Monday, 9 April 2012

"What has to be said" - Germany's leading Waffen-SS poet lectures Israel on its right to get nuked - special edition

Günter Grass, German novelist and poet and a Nobel Laureate, is causing a stir with his poem "What has to be said." You can see him read it here. As poetry goes, it is a sad joke; it has no redeeming poetic qualities whatsoever. Instead, it displays every last bit of incoherence and moralistic-condescension-as-politics that makes German left-wing public discourse to sickening to watch, especially for those who (like me) actually can occasionally see some merit in the arguments. This time, however, there are no such redeeming features.


Let's start in the beginning. What is it that Grass feels he has to say? He can no longer remain silent, he says, given that Israel now claims a right for a first strike on Iran. He thinks that this is all wrong. Israel has nuclear weapons, many; and the mean Israelis don't even want those nice Iranians to have a single one! And a pre-emptive strike? How evil. The German involvement, the reason why Grass now has to go public? Selling submarines to Israel. In his book, this is equivalent to collaborating in a crime against world peace. If this all sounds confused and confusing to you, that is because it is. Grass was never very coherent, but old age has not helped. Some of his novels are decent, and form part of German curricula for a reason. 

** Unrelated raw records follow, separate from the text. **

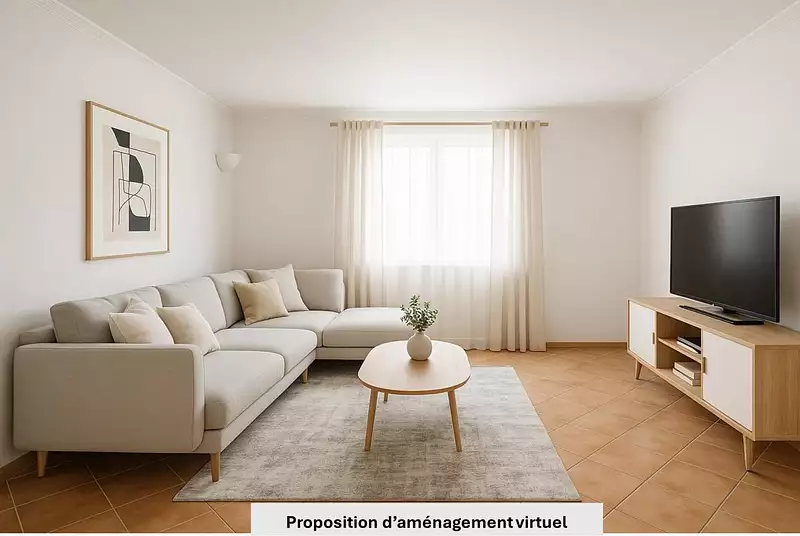 Agencé en étoile, il offre une circulation fluide et se compose d'une entrée, d'un séjour lumineux, d'une cuisine dinatoire, de deux chambres, d'une salle d'eau, d'un WC séparé, ainsi qu'un cellier avec espace buanderie.
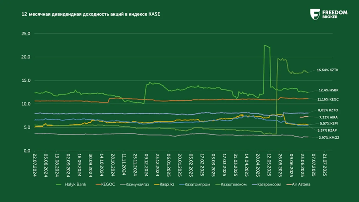 На графике выше представлена годовая динамика 12-месячной дивидендной доходности акций в индексе KASE с июля 2024 года до 30 июня 2025-го. Наибольшим показателем в данном случае владеют акции Казахтелекома, с доходностью в 16,64%. Однако тут стоит сделать важную оговорку: Казахтелеком на годовом общем собрании акционеров утвердил повышенные специальные дивиденды в размере 26 664,88 тенге, что является распределением средств после продажи двух сотовых операторов Altel и Tele2. Это больше чем в 12 раз превышает выплаты предыдущего года. В связи с единоразовым характером таких дивидендов логичнее будет взять за основу доходность до данной выплаты, которая составляла 3,6%.
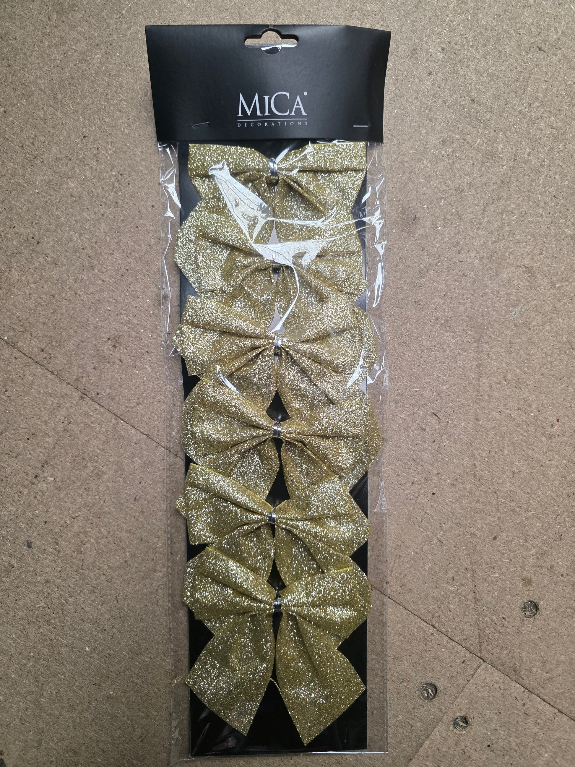 Bow Glitter Gold 10x12cm X6
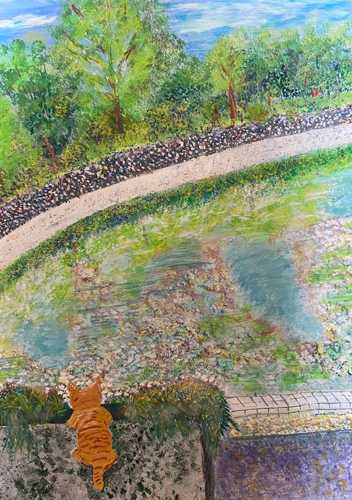 KONさんの微笑ましいストーリーを感じる新作です。この絵の中にいる主人公は左手前に見える猫ちゃんでしょう。塀によじ登って景色を見ている姿には思わず笑ってしまいます。どんな顔をしているのか、なんだか目の奥に浮かんでくるようです。そしてこの猫は子猫ですね。必死で塀によじ登って池の水面に浮かんで見える林の景色に驚いているのか、はたまた池に映る空の色に驚いているのか、私たち鑑賞者の想像力に刺激を与えてくれるイメージがこの作品にはあります。KONさんの作品は童話のような柔らかい物語を感じるイメージが溢れているようです。今回の新作は、そういった物語を感じさせるイメージに加えて、絵画として色に対する味、そして画面を作る構成力にも一段と大きな進歩が見えてきました。色は単純な選択から生じる色合いではなく、どうすれば深みを感じることのできる色合いを見せられるか、かなり試行錯誤されたように見えます。制作途中で行ったり来たりと右往左往する迷いの時間を感じます。でもこの迷いの時間があり、そこからやっと選択できた色というのはどういうわけか、色そのものに尊さを感じます。KONさんの今回の絵からそういった色に対しての尊さを強く感じます。また画面構成にしても主人公である子猫をあえて画面の下隅に配置しました。そうすることによって大きな広い空間を感じさせる構図になったと思います。そのこともKONさんの絵画に対する大きなステップになったように感じます。私は童話のような優しい思わず微笑んでしまう様な作品を制作するKONさんに大きな拍手を送りたいと思います!!!
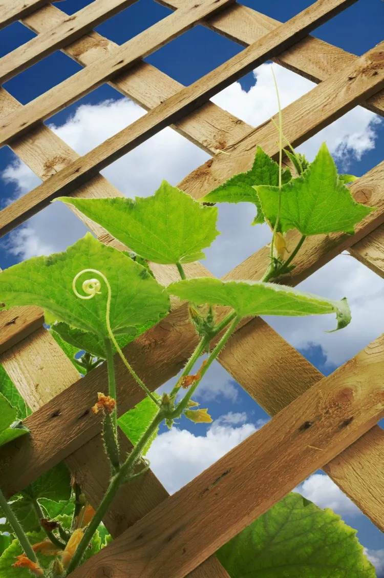 Using a trellis helps cucumbers grow straighter, stay cleaner, and receive more sunlight. Vertical growing also reduces pest problems and allows gardeners to grow more plants in less space.
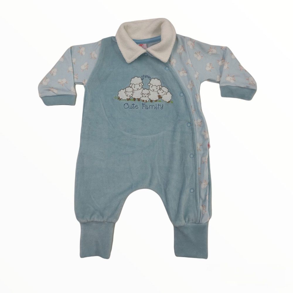 Macacão plush luxo Otolina, com a estampa linda e divertida de ovelinhas dando todo charme a peça, com um bordado de ovelinhas cute family.
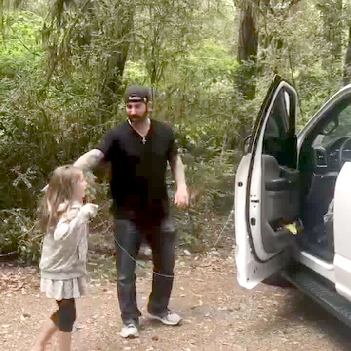 As a dad puts dishes in the dishwasher, his twin toddler daughters take them out, one by one. He thanks them for helping.

If you think in abstract categories of "should sovereign states be allowed to decide if they want nuclear weapons", the most you can say is that there a hint of logic here. Almost a century ago, the German economist/lawyer/sociologist Max Weber distinguished two types of ethics - ethics of intent ("Gesinnungsethik") and ethics of responsibility ("Verantwortungsethik"). One cares about feeling superior and good about your own intentions, and consequences be damned; the other thinks through what the results of one's own actions will be, and then decides on a responsible course of action. Tom Lehrer, the American mathematician and comedian, described the left-wing penchant for ethics of responsibility best in his Folk Song Army:
One type of song that has come into increasing prominence in recent months is the folk-song of protest. You have to admire people who sing these songs. It takes a certain amount of courage to get up in a coffee-house or a college auditorium and come out in favor of the things that everybody else in the audience is against like peace and justice and brotherhood and so on. The nicest thing about a protest song is that it makes you feel so good...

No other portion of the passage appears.